Background: Follow-up services after stroke may improve functional outcome and decrease readmissions. We aimed to improve discharge of patients from the stroke service by ensuring that they have a follow up appointment with Neurology scheduled at the time of discharge, to evaluate factors impacting appointment scheduling, and to evaluate factors impacting appointment attendance.
Hypothesis: We hypothesized that access to an online scheduler would increase appointments scheduled at the time of discharge.

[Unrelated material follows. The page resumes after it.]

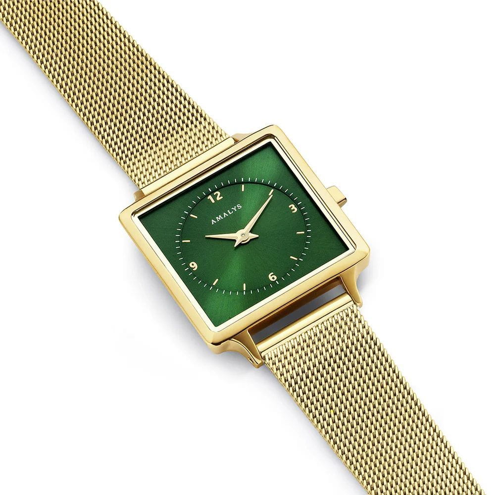 Amalys AMW-136 — женская модель с утончённой минималистичной эстетикой, где квадратный корпус с PVD-покрытиемPVDУльтратонкое покрытие наносится в технике вакуумного напыления, сочетает в себе нитрид титана особой прочности со слоем золота или оксида хрома. Несёт в себе декоративную или защитную функцию. размером 25 мм подчёркивает современный характер и чистоту линий. Механизм — точный кварцевый, обеспечивающий стабильный ход и надёжность в повседневном использовании. Поверхность циферблата оформлена в лаконичном стиле с тонкими метками и стрелками, создающими гармонию и визуальную лёгкость. Защитную функцию выполняет минеральное стеклоМинеральное стеклоМинеральное стекло представляет собой искусственно выращенный минерал кварца. Такое стекло отличается особой устойчивостью к повреждениям и царапинам. Уступает по некоторым качествам сапфировому стеклу., устойчивое к механическим воздействиям и сохраняющее читаемость при ежедневной носке. Браслет с PVD-покрытиемPVDУльтратонкое покрытие наносится в технике вакуумного напыления, сочетает в себе нитрид титана особой прочности со слоем золота или оксида хрома. Несёт в себе декоративную или защитную функцию. выполнен в виде «миланской сетки» шириной 14 мм, оснащён раскладным замкомРаскладной замокДанный вариант застежки используется только на часах с металлическим браслетом. Отличительная особенность такого крепления в том, что длина браслета становится универсальной и вы можете самостоятельно отрегулировать нужный вам размер – застежка просто двигается по браслету часов., его гибкая структура обеспечивает комфортное прилегание к запястью и визуальную утончённость. Единство корпуса и браслета создаёт целостный образ, а изысканная простота дизайна делает модель универсальной — она одинаково уместна и в деловой обстановке, и в повседневных сочетаниях.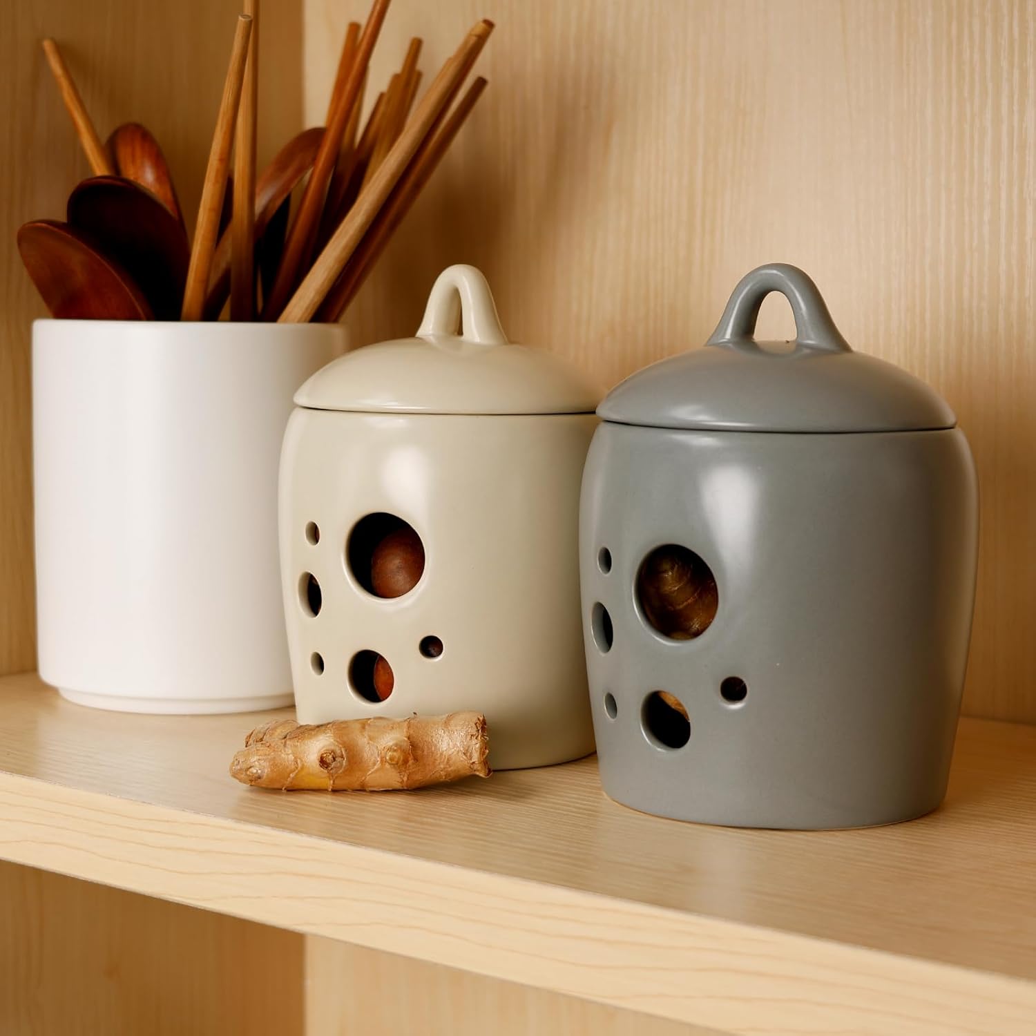 - Elegant Grey Ceramic Design: Made from premium gray ceramic, this garlic container storage boasts a sleek and elegant look that complements any kitchen décor, serving as both a functional and decorative piece

Methods: This retrospective analysis included patients diagnosed with ischemic stroke, TIA, intracerebral hemorrhage (ICH) or subarachnoid hemorrhage (1/2013 - 9/2014 time) discharged from the stroke service, but excluded patients who were deceased, transferred to another inpatient facility, clinical trial patients, and those with outside providers. The following metrics were collected from 975 patient discharges: diagnosis, date of hospitalization, length of hospitalization, discharge location, time from discharge to clinic appointment, if appointment was made at the time of discharge, and if the clinic appointment was attended.
Results: Access to an online scheduling tool did not increase the number of patients who were discharged with an appointment (35% v. 41%; p=0.087). However, appointments were scheduled significantly more frequently for patients hospitalized for > 5 days, ICH and Ischemic stroke patients, and those discharged to a facility (Figure 1). Patients for whom an appointment was made prior to discharge did not follow up more frequently than those who were asked to call to make an appointment (45% v. 43%, p=0.64); however, follow up was influenced by length of stay, diagnosis, discharge location and time to appointment (Figure 2).
Conclusion: Scheduling an appointment prior to discharge did not improve post-discharge follow-up. Future directions will work to elucidate the reason for poor clinic attendance and increase follow-up.